A blog about living in Aberdeen, New Jersey.

Monday, November 14, 2011

Beware the Power of Persuasion

Brace yourself. The energy companies are currently trying to convince us through a barrage of television ads that there's no danger to our water supply from fracking and tar sand pipelines. It's a not so subtle effort at persuasion. Don't be fooled. These people are not your friends.

A currently running Conoco Phillips ad, for example, shows a small group of college students telling their designated "emotional" friend how utterly safe it is to bring up natural gas from below the water table for our use. "I'm listening," the young woman says. One of the students suggests he plans to snag a job with an energy company when he grows up. Are you convinced? Based on what these 20 somethings are telling us, there's no chance of Conoco Phillips polluting our drinking water through fracking. And no chance that the muck they plan to force into the ground and back to the surface again will pollute our land when they store it in waste ponds for years. Who says so? The experts at the energy companies, of course. (Don't ask them about a recent coal ash spill into Lake Michigan, a spill caused by the collapse of a retaining wall holding a large quantity of coal ash being stored long term. Things like that don't happen.)
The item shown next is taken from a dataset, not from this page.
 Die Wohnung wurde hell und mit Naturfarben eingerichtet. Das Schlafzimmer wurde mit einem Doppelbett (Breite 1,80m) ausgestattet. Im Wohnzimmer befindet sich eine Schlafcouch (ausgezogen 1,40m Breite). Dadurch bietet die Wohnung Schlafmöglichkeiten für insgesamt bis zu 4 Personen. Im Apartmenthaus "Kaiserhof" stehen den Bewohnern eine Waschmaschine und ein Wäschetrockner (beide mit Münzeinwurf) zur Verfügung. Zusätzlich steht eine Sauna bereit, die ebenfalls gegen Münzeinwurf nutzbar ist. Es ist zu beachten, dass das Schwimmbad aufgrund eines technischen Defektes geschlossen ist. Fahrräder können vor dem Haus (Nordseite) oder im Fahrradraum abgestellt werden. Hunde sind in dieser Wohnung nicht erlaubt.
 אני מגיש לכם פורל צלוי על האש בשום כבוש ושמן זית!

There's another ad making the rounds involving a rodeo. We're all being taken for a ride by the environmentalists, or so the story goes. Additional regulation of well-meaning energy companies will only cost jobs and raise energy costs. Cute little puffing bulls. They've gotta be telling the truth. AP must be lying when they say that inspectors stumbled upon a 30-foot crack in a nuclear containment building and other abnormalities at an Ohio nuclear power plant last week. Apparently they don't usually look in those spots, but they've got things well in hand. We're all safe. Really. Well, not really.

Just think back on our recent power outage. Remember how they lied to us about when the power would be restored. Remember that Pittsburgh power workers ended up having to come to fix our lines and restore power. We never saw a JCP&L vehicle in the area for a week.
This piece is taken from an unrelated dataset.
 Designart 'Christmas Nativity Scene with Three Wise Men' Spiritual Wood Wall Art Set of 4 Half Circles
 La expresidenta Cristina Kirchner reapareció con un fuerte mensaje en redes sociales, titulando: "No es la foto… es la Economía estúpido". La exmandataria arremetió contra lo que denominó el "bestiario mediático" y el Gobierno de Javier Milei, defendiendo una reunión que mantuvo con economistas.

JCP&L's own audits point to a lack of investment in trimming tree branches over its lines and replacement of old poles as significant reasons for why so many of us lost power in the October snow storm, according to an excellent article in NJ.com. In other words, cutbacks in routine maintenance saved money on their bottom line and the hell with us; more money for stockholders is all that matters to energy companies. Heaven help us all if that had been a pollution event. 

Corporations aren't people. You can't persuade me.